— GIVEN RECORDS —
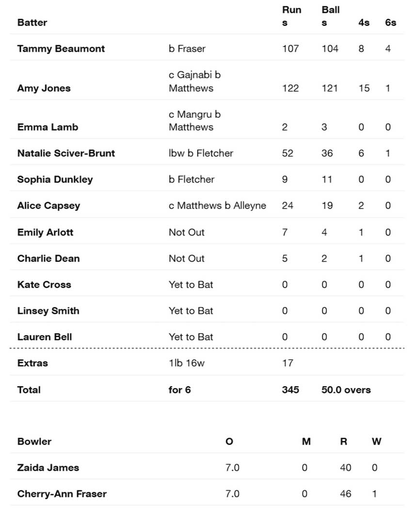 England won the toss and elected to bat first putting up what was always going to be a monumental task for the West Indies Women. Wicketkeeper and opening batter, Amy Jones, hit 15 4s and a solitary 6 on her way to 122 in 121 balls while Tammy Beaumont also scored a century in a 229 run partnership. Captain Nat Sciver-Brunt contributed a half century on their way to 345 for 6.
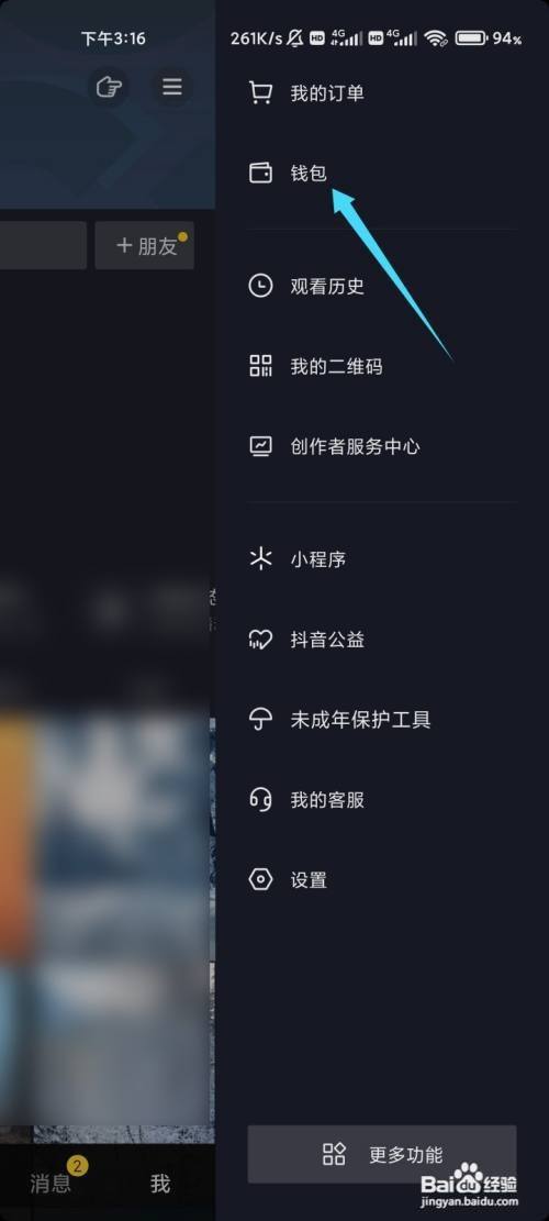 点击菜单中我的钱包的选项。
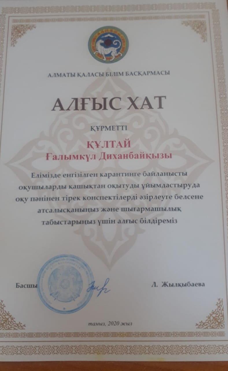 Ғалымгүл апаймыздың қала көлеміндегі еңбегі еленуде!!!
--
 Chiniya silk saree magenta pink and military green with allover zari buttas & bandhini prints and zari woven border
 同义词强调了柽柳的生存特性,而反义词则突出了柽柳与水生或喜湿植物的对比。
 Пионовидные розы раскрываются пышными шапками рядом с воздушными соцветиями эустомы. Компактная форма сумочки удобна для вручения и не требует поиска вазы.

— WHAT NEEDS TO BE DONE —
Although pictures appear among the entries, please set down only the lines from the one with "England won the" up to and including the one with "Ғалымгүл апаймыздың қала", word for word.

— TASK OUTPUT —
 England won the toss and elected to bat first putting up what was always going to be a monumental task for the West Indies Women. Wicketkeeper and opening batter, Amy Jones, hit 15 4s and a solitary 6 on her way to 122 in 121 balls while Tammy Beaumont also scored a century in a 229 run partnership. Captain Nat Sciver-Brunt contributed a half century on their way to 345 for 6.
 点击菜单中我的钱包的选项。
 Ғалымгүл апаймыздың қала көлеміндегі еңбегі еленуде!!!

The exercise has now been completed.